— В Янрае я пробыл полмесяца, — начал свое объяснение Лев Борисович, — к работе колхоза «Быстроногий олень» присмотрелся достаточно хорошо. И пришел к выводу, что председатель колхоза Айгинто не на своем месте. Слишком молод он для председателя, слишком горяч, не сдержан. Но самое печальное то, что он берет под свою защиту шаманские элементы. Так, когда я забрал у шамана Ятто его божков, его амулеты, Айгинто при народе посмел накричать на меня, как на мальчишку; потребовал, чтобы я вернул этих идолов.
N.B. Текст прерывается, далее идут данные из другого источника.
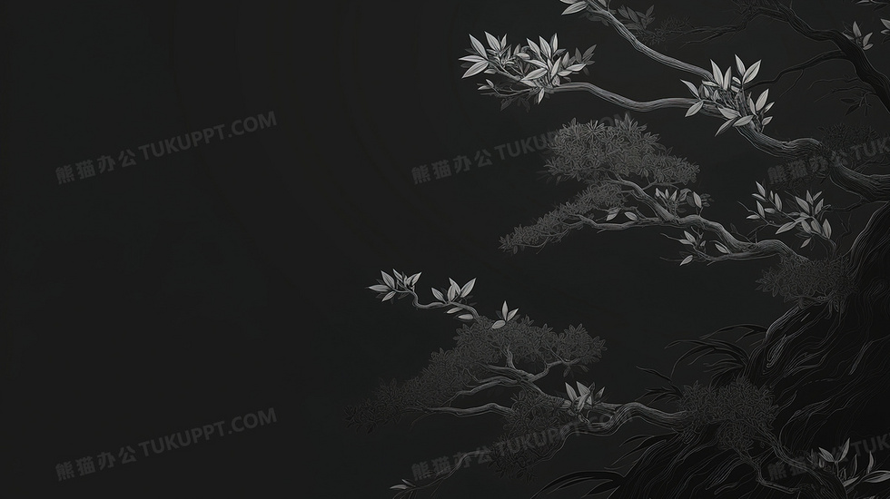 本作品内容为黑色中国风简约山水意境背景, 格式为 jpg, 大小2 MB, 图片尺寸为2912 x 1632, 作品中背景图片无需修改, 源文件无水印,可以直接使用, 欢迎使用熊猫办公。 如认为平台内容涉嫌侵权,可通过邮件:tousu@tukuppt.com提出书面通知,我们将及时处理。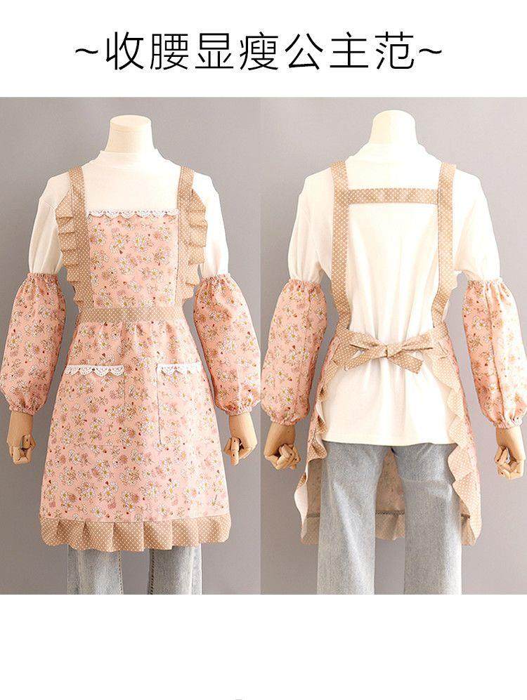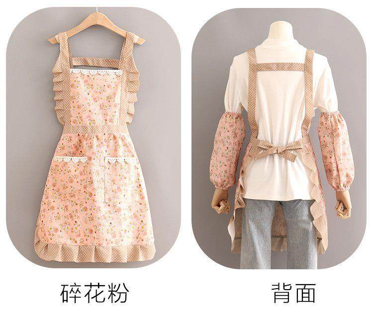 Apron with Sleeves Two-Piece Set Korean Style Lace Cooking Princess Style Breathable Fashionable Adult Work Clothes Summer 2023 New Style

Конечно, я обрезал Айгинто, поставил его на свое место.
Заведующий райзо умолк, нисколько не сомневаясь, что секретарь одобрит его поступок.
— Да… Это уже приобретает принципиальное значение, — задумчиво произнес Сергей Яковлевич, как бы отвечая на свои мысли.
— Вот, вот, именно принципиальное, — обрадовался Караулин и вдруг осекся под странным взглядом секретаря райкома.
— Так, по вашему мнению, старик Ятто шаман? — тихо спросил Ковалев. В голосе его прозвучало что-то такое, отчего сердце Караулина забилось часто, тревожно.
— Конечно, Сергей Яковлевич. Я сам видел, как он на своем чукотском празднике кормил идолов жертвенной кровью. Старик Ятто страшный человек. Это…
— Я очень хорошо знаю, что из себя представляет Ятто, — сухо прервал секретарь. — Это честный старик, замечательный оленевод. И не его вина, что он все еще находится во власти суеверия. — Помолчав, секретарь жестко добавил: — Я, как и председатель янрайского колхоза Айгинто, считаю, что со стариком Ятто вы поступили возмутительно. Попрошу вас немедленно аккуратно запаковать всех этих идолов в посылку, написать адрес и принести ко мне в кабинет. Кроме того, хорошо над этим подумайте, так как скоро вам придется объясняться на заседании бюро райкома.
«Ну, это уж слишком», — хотелось возразить Караулину. Но он смолчал.
Проводив Караулина, Ковалев прошелся по кабинету, остановился у окна.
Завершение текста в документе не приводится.